(Task details)
What is needed is the full listing written out exactly, minus the pictures.

(Raw data)
--------------------
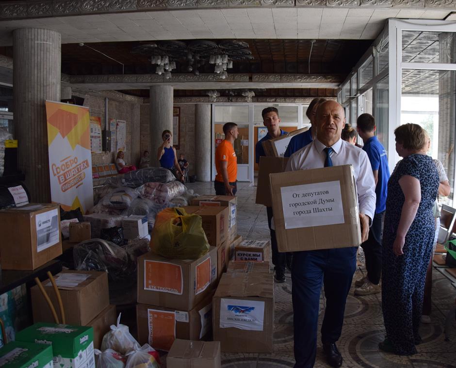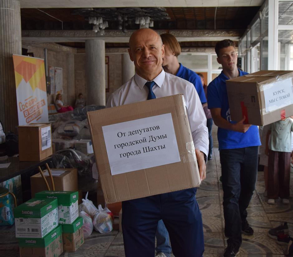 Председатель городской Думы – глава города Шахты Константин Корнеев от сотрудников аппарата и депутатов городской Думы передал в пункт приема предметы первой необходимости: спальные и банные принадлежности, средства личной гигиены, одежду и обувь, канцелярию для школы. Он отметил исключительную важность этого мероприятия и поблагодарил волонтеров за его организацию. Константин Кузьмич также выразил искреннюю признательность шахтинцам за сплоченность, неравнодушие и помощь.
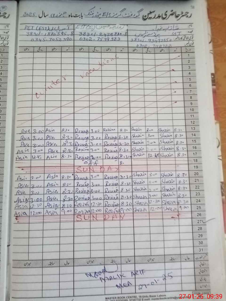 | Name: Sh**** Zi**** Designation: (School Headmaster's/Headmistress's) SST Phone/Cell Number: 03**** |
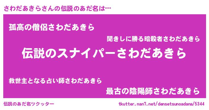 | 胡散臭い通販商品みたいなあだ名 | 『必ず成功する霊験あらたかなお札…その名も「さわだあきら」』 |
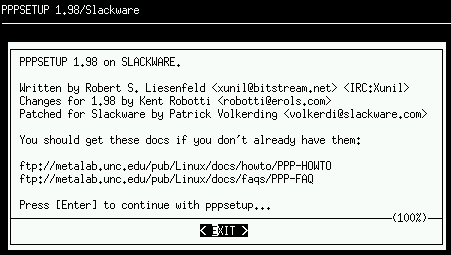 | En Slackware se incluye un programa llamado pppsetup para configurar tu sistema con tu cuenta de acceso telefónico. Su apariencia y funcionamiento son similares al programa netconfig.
--------------------
(Solved problem)
 Председатель городской Думы – глава города Шахты Константин Корнеев от сотрудников аппарата и депутатов городской Думы передал в пункт приема предметы первой необходимости: спальные и банные принадлежности, средства личной гигиены, одежду и обувь, канцелярию для школы. Он отметил исключительную важность этого мероприятия и поблагодарил волонтеров за его организацию. Константин Кузьмич также выразил искреннюю признательность шахтинцам за сплоченность, неравнодушие и помощь.
 | Name: Sh**** Zi**** Designation: (School Headmaster's/Headmistress's) SST Phone/Cell Number: 03**** |
 | 胡散臭い通販商品みたいなあだ名 | 『必ず成功する霊験あらたかなお札…その名も「さわだあきら」』 |
 | En Slackware se incluye un programa llamado pppsetup para configurar tu sistema con tu cuenta de acceso telefónico. Su apariencia y funcionamiento son similares al programa netconfig.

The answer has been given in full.